AMD CPUs see major performance increases every generation. The 7700XT is more than 100% faster than the 2700X and that is at the same core count. Higher core counts beyond 8 cores have become much more accessible.

Having thousands of dumb cores is pointless unless you want to work with sparse data. An out of order core isn't bottlenecked by compute, it is mostly bottlenecked by memory access latency and also bandwidth if you do end up using vector instructions. This means most of your core will be memory and your thousand core chip will turn back into a dozen core chip. If you need a dumb accelerator, then GPUs already exist and you don't need a custom chip.

So the only remaining usecase is sparse data. The expectation is that you are going to get cache misses all the time anyway, so the benefit of a large cache is negated by the fact that the same data is rarely accessed again. The problem with this idea is that sparse workloads are pretty rare. The only usecase that could possibly benefit from a custom chip is sublinear machine learning (SLIDE) which basically does nothing but predict which neurons are activating and ignore everything else.
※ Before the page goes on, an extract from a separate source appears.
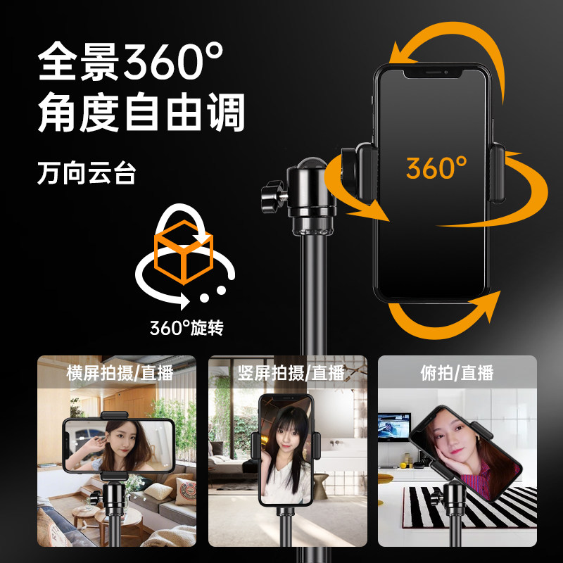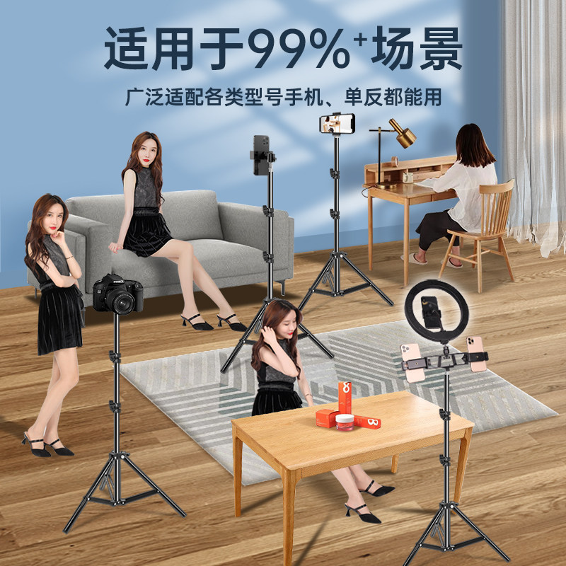 手机拍摄支架直播专用自拍杆三脚架落地式多功能支撑架通用捭机架户外便携伸缩升降网课考研复试架子三角支夹
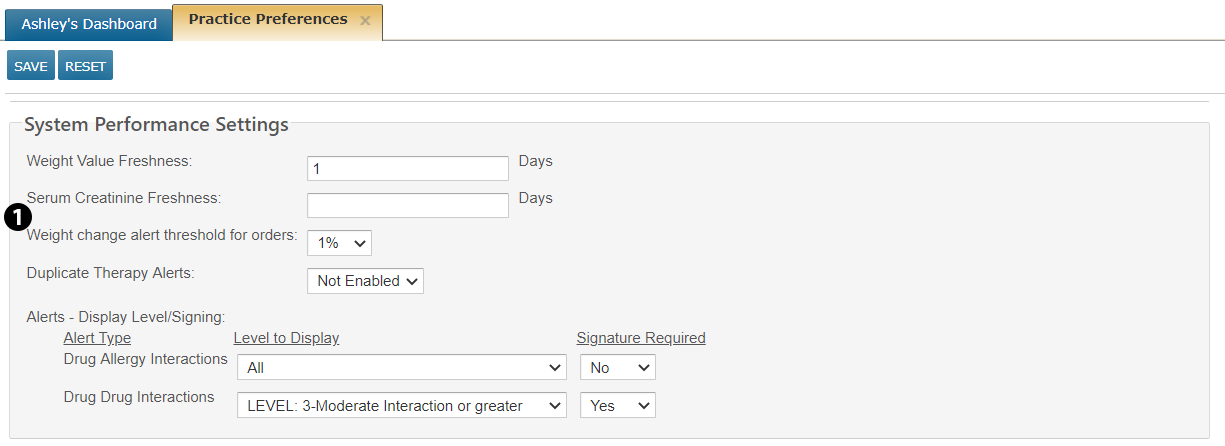 - Under System Performance Settings, change the new Weight change alert threshold for orders to your preferred threshold (see callout 1).

Oh also I am already assuming you want to tape out your chip and that the FPGA is just a stepping stone. If all you do is insist on running softcore processors with no special architecture (e.g. the Reduceron) on an FPGA then the whole exercise is meaningless.

Hey I don't disagree. You bring up some good points, so let me address them individually:

AMD CPUs see major performance increases every generation. The 7700XT is more than 100% faster than the 2700X and that is at the same core count. Higher core counts beyond 8 cores have become much more accessible.
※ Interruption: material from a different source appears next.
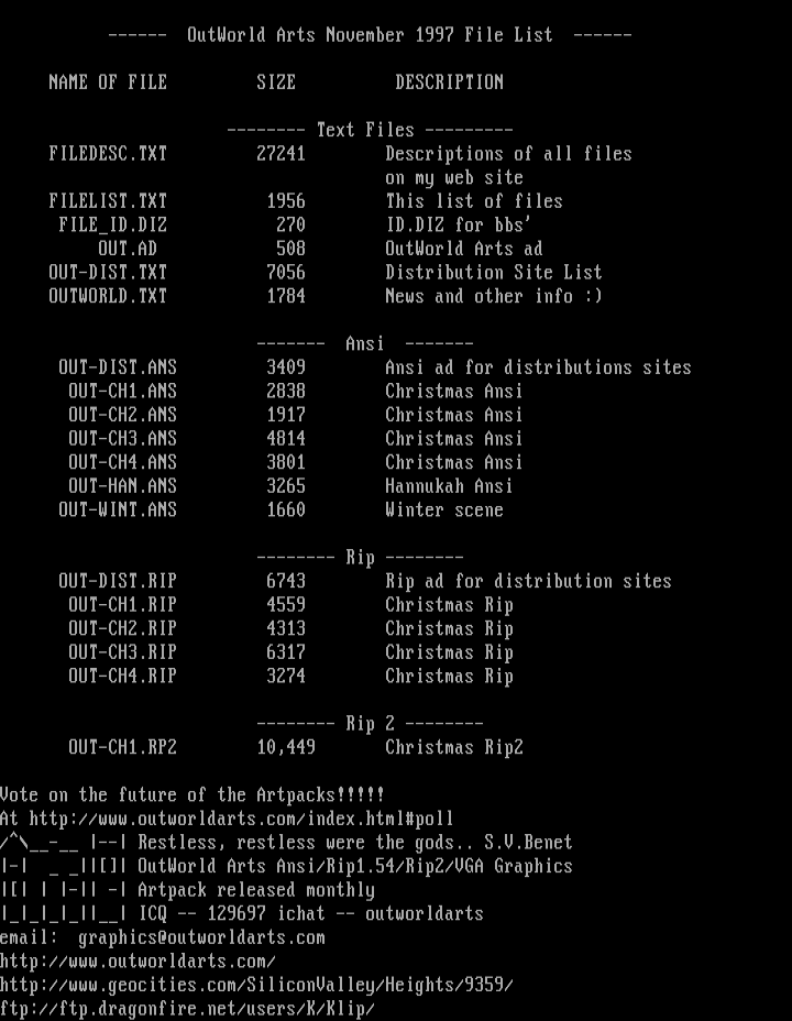 - OutWorld Arts Ansi/Rip1.54/Rip2/VGA Graphics

You can check my math, but single-threaded performance has only increased by a factor of about 3 since 2000. So a modern 8 core machine would be about 24 times faster than say a MIPS or PowerPC 601 at the same clock speed, when CPUs had 4 pipeline stages and didn't suffer the kinds of cache miss penalties we see today, so didn't need excessively complex branch prediction. A 16 core machine would be 48 times faster. But if you look at transistor count, CPUs in 2000 had 1-10 million transistors, while today they have 1-10 billion and GPUs have 10-100 billion. So CPUs should have 1,000-10,000 times the performance, not 24 or 48. There's simply no way for traditional CPUs to scale to the level I'm talking about, which I realized in the late 90s while getting my computer engineering degree from UIUC.

https://en.wikipedia.org/wiki/Transistor_count

Having thousands of dumb cores is pointless unless you want to work with sparse data. An out of order core isn't bottlenecked by compute, it is mostly bottlenecked by memory access latency and also bandwidth if you do end up using vector instructions.
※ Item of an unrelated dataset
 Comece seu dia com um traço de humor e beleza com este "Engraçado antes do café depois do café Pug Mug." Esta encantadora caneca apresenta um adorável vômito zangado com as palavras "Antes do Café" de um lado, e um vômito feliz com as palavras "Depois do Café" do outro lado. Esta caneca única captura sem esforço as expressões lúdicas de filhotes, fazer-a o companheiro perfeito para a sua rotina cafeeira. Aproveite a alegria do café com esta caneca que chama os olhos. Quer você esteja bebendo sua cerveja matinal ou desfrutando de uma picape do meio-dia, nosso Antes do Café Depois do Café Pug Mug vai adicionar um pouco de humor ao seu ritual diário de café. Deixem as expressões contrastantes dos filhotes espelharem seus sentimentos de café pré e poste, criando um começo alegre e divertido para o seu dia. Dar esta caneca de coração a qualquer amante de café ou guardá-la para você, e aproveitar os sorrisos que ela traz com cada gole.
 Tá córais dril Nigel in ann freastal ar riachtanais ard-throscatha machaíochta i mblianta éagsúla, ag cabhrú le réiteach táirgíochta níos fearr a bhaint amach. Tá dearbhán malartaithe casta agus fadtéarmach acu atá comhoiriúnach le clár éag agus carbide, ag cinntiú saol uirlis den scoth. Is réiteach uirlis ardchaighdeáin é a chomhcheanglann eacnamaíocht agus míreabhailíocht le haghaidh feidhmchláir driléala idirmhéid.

I agree, so the chip I'm envisioning would have an array of local memories (one in or beside/above each CPU) which negates this argument. Then the problem becomes one of orchestrating those memories to appear as one coherent address space. I want to use a content-addressable memory with copy-on-write, so that the memory works like a hash tree (BitTorrent). A cyclic redundancy check (CRC) or similar could be used for the hashing, with a fallback to lower clash hash like SHA when a block clashes. This would all be encapsulated in an abstraction below the level of the code, following the same principles as cache coherence. We'd mainly use auto-parallelizing higher-order methods along the lines of map-reduce and scatter-gather arrays within a runtime similar to Go/Erlang, Octave/MATLAB or Haskell/Julia (or vanilla C or Lisp even) to make it appear that we are programming a single synchronous-blocking thread of execution. I've had this approach fully-formed in my head since about 2010, with the original idea coming from when I was programming games back in the 90s and Apple crippled its memory busses for cost reasons and to prevent competition between its entry-level machines and its flagship lines, so I saw that the memory bus is the only real bottleneck in computers today.

You do touch on one major limitation though: there would be a 10-100x overhead to build my design on FPGA with multiplexers and LUTs, then another 10-100x for the hash memory, and at least 50% of the die lost to local memories. So I might need 4 orders of magnitude more transistors to achieve existing performance. Then the hashing could add 10-100x the latency, putting us at 6 orders of magnitude worse performance in the worst case. I'd plan to get around that by de-prioritizing latency and optimizing the best case (sort of the non-branch prediction miss or cache miss case) and then throw hardware at it. It's much simpler to just increase the die size by 10-100x on a side than develop the next architecture or VLSI design rules. So at scale, this new chip simply wouldn't face the linear speed increase limitations that all processors today face. It might be as simple as just plugging in another chip on a PCI bus to get another 1000+ cores under the same hash memory, just like how we program the web with hash id caching at the edges with stuff like CloudFlare.

So the only remaining usecase is sparse data. The expectation is that you are going to get cache misses all the time anyway, so the benefit of a large cache is negated by the fact that the same data is rarely accessed again.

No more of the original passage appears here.